George W. Woodruff School of Mechanical Engineering, College of Engineering , Georgia Institute of Technology , Atlanta , Georgia 30332 , United States.
Department of Industrial Engineering , University of Pittsburgh , Pittsburgh , Pennsylvania 15261 , United States.
Department of Bioengineering , University of Pittsburgh , Pittsburgh , Pennsylvania 15261 , United States.
School of Electrical Engineering , Korea Advanced Institute of Science and Technology , Daejeon , Republic of Korea 34141.
Department of Chemical and Biomolecular Engineering , Chonnam National University , Yeosu , Jeonnam 59626 , South Korea.
School of Engineering and Computer Science , Washington State University , Vancouver , Washington 98686 , United States.
Institute for Electronics and Nanotechnology, Bioengineering Interdisciplinary Program, Petit Institute for Bioengineering & Bioscience, and Center for Flexible Electronics , Georgia Institute of Technology , Atlanta , Georgia 30332 , United States.
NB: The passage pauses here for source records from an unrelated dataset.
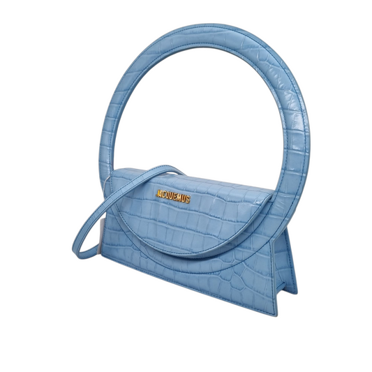 Jacquemus Le Sac Blue Rond Croco Embossed Size 24x7x13
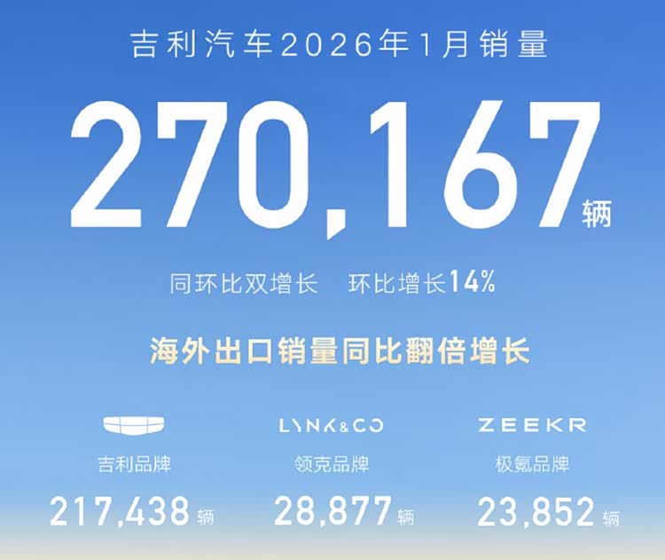 吉利汽车销量表现很抢眼,1月销量达到270167辆,环比增长14%。这其中,新能源销量达到12.4万辆,在传统国产大厂中,吉利新能源转型速度一直很快,其中,吉利银河品牌1月销量达到82990辆,此外,领克品牌、极氪品牌的销量都很给力,可以说,吉利在新能源车市场找到了爆款秘籍。
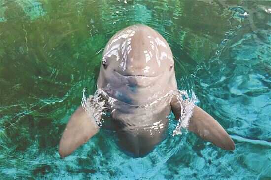 7月5日,世界第一头在全人工环境中成功繁育的长江江豚“淘淘”迎来18岁生日。这是在中科院水生所白鱀豚馆,“淘淘”在水中游动。
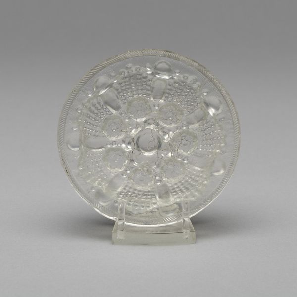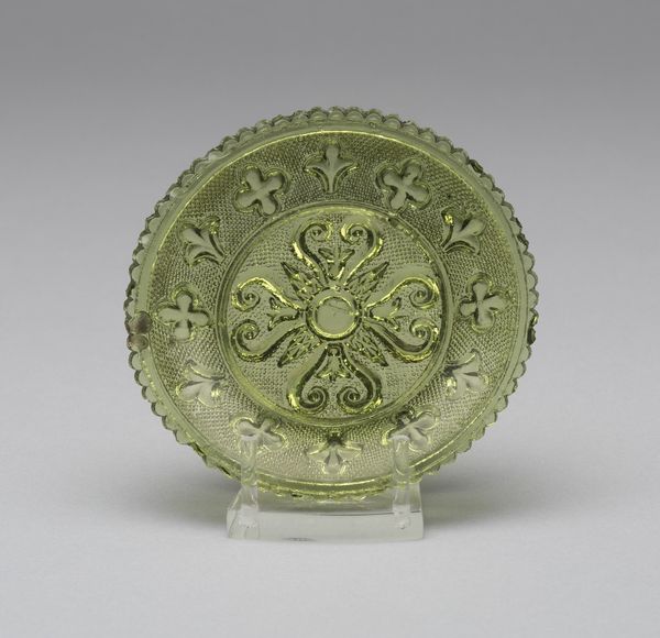 This cup plate, now at the Art Institute of Chicago, presents an intriguing study in texture and form within a small scale. The anonymous creator worked with a vibrant blue glass, manipulating its materiality to capture a sense of both delicacy and robustness. The plate's surface is articulated with raised patterns, an interplay of smooth, ringed shapes against a stippled background. This juxtaposition of textures invites tactile exploration, even from afar, and the concentric design emphasizes the object's circular nature. The plate appears to be almost alive with a bubbling effect that creates an optical vibration across its surface. The overall effect challenges our perception of utility by elevating a functional object to something of visual interest. This piece functions as both an object of practical use and a study in the manipulation of material and form. It blurs boundaries and invites ongoing dialogue.

Random weakening of an intracranial blood vessel results in abnormal blood flow into an aneurysmal sac. Recent advancements show that an implantable flow diverter, integrated with a medical stent, enables a highly effective treatment of cerebral aneurysms by guiding blood flow into the normal vessel path. None of such treatment systems, however, offers post-treatment monitoring to assess the progress of sac occlusion. Therefore, physicians rely heavily on either angiography or magnetic resonance imaging. Both methods require a dedicated facility with sophisticated equipment settings and time-consuming, cumbersome procedures. In this paper, we introduce an implantable, stretchable, nanostructured flow-sensor system for quantification of intra-aneurysmal hemodynamics. The open-mesh membrane device is capable of effective implantation in complex neurovascular vessels with extreme stretchability (500% radial stretching) and bendability (180° with 0.75 mm radius of curvature) for monitoring of the treatment progress. A collection of quantitative mechanics, fluid dynamics, and experimental studies establish the fundamental aspects of design criteria for a highly compliant, implantable device. Hemocompatibility study using fresh ovine blood captures the device feasibility for long-term insertion in a blood vessel, showing less platelet deposition compared to that in existing implantable materials. In vitro demonstrations of three types of flow sensors show quantification of intra-aneurysmal blood flow in a pig aorta and the capability of observation of aneurysm treatment with a great sensitivity (detection limit as small as 0.032 m/s). Overall, this work describes a mechanically soft flow-diverter system that offers an effective treatment of aneurysms with an active monitoring of intra-aneurysmal hemodynamics.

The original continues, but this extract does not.